Something that's coming up for me in these considerations is a feeling that's probably familiar to y'all: immense guilt. How can I consider ending the relationship when I'm sure she'll use it as evidence that she's unloveable? I feel so guilty imagining causing her this deep pain, but I also feel like I'm not living true to my own values when I stay in a relationship that I don't feel emotionally capable of and that I feel quite distant from. How do you handle being in this place of inner conflict? How do I deal with this guilt? I have recently started attending indivudal therapy, and I'm hopeful about having a space to air some difficult thoughts, but as always, I really appreciate the life experiences of people in this group.

Do you have a best friend from childhood?  Or maybe from your college years?  This would be a person you could go 20 years without seeing, then suddenly spot them in a grocery store and you'll talk for hours like a moment hasn't passed between you.

Hopefully one person comes to mind, because that's what a relationship with a BPD person SHOULD be like.  They need to feel like no matter what happens, this person is in my corner and they'll do anything to protect me and make me feel better.

With your partner, it doesn't feel anything like that at the moment...at least for her.  And in some ways, it's not directly her fault either.  She freaks out, which has you freaked out about what she's going to say next, so you walk around with your guard up like she's the enemy. 

This happens subconsciously and we don't even realize we're doing it.

So if you can past the current dysfunction and just get back to just loving her, having her back, etc then it goes a very long way to change the narratives within her mind.  That's what all of us are trying to do with our BPD loved ones and most of us fail...simply because we can't get out of our own way.

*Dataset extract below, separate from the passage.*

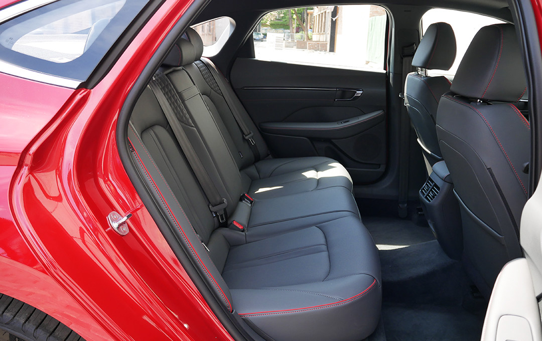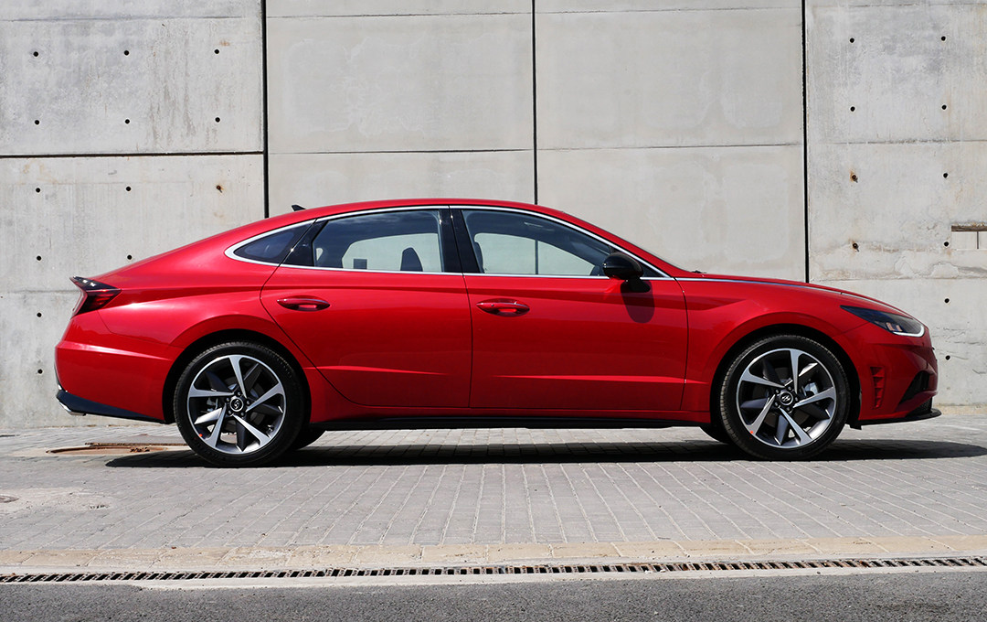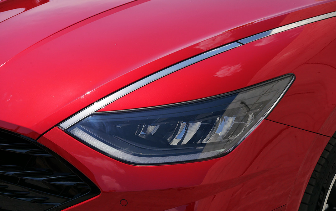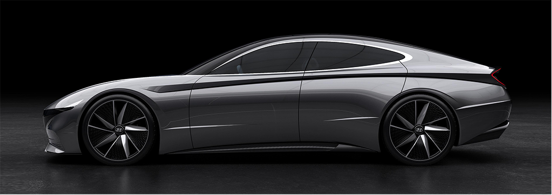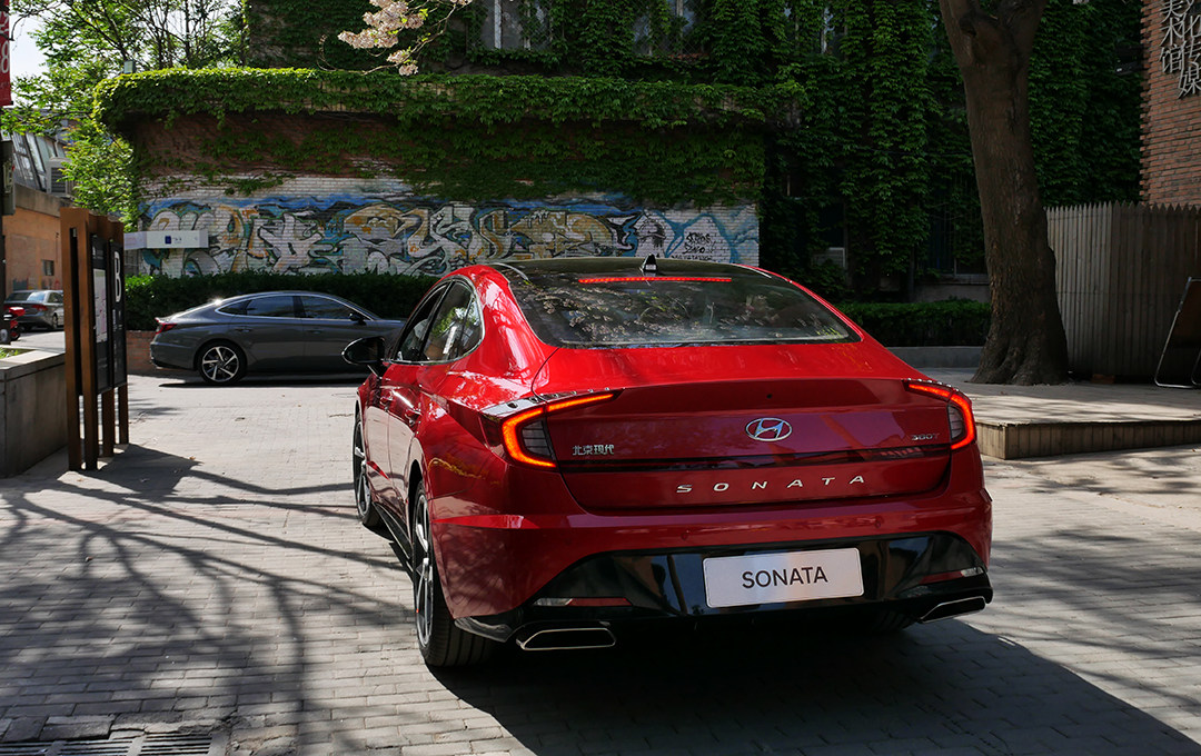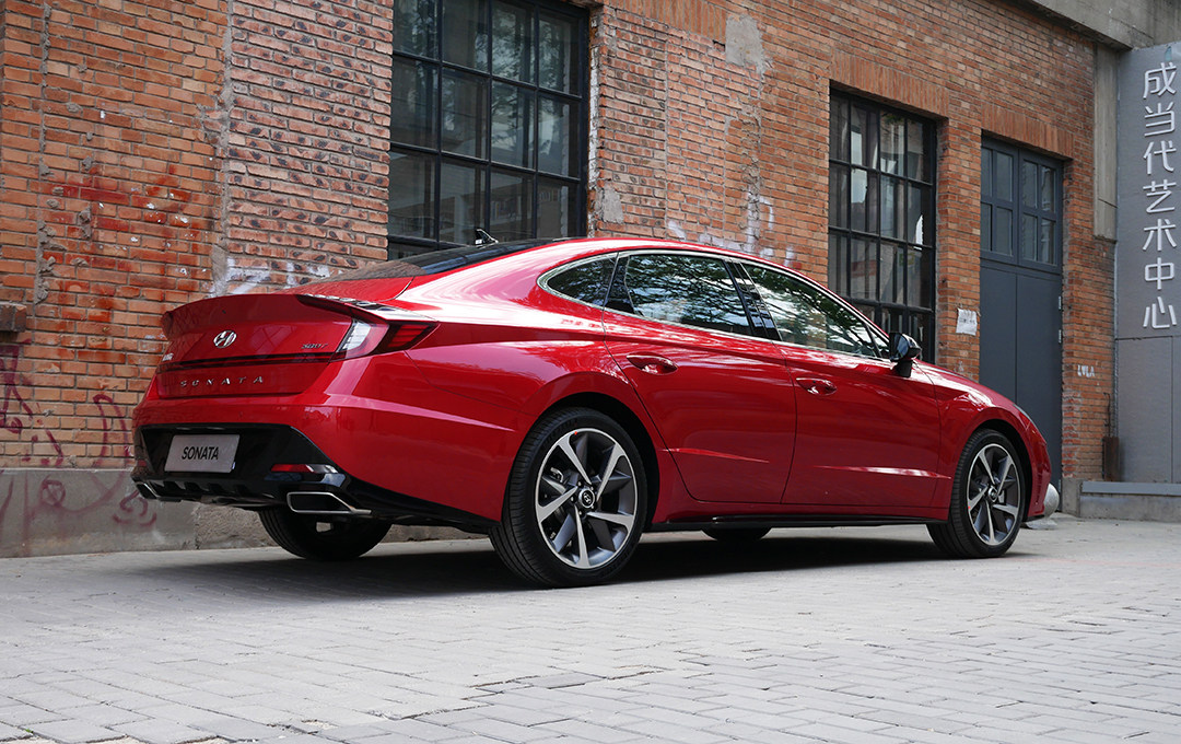 第十代索纳塔很好的将“Le Fil Rouge”概念车的设计手法占为己有,尤其是侧面极为流畅的体态最能营造出来,典型的短前后悬设计。溜背式造型设计,视觉优化和风阻系数降低一举两得。

I've done this with my BPD daughter and BPD ex; they both know I love them and would do anything for them.  And that doesn't sound major or anything, but to a person who's terrified of rejection and abandonment, making them feel that way is everything.  If they trust you and know you have their back, all of the other stuff disappears.

And I mean EVERYTHING.  All the dysfunction comes from doubting the relationship or if you really care.  That's the mental illness part of all of this and what destroys relationships.

So there is hope, but it requires a change in communication from both of you.  I just wanted you to know that you're not helpless or hopeless, there is a different path.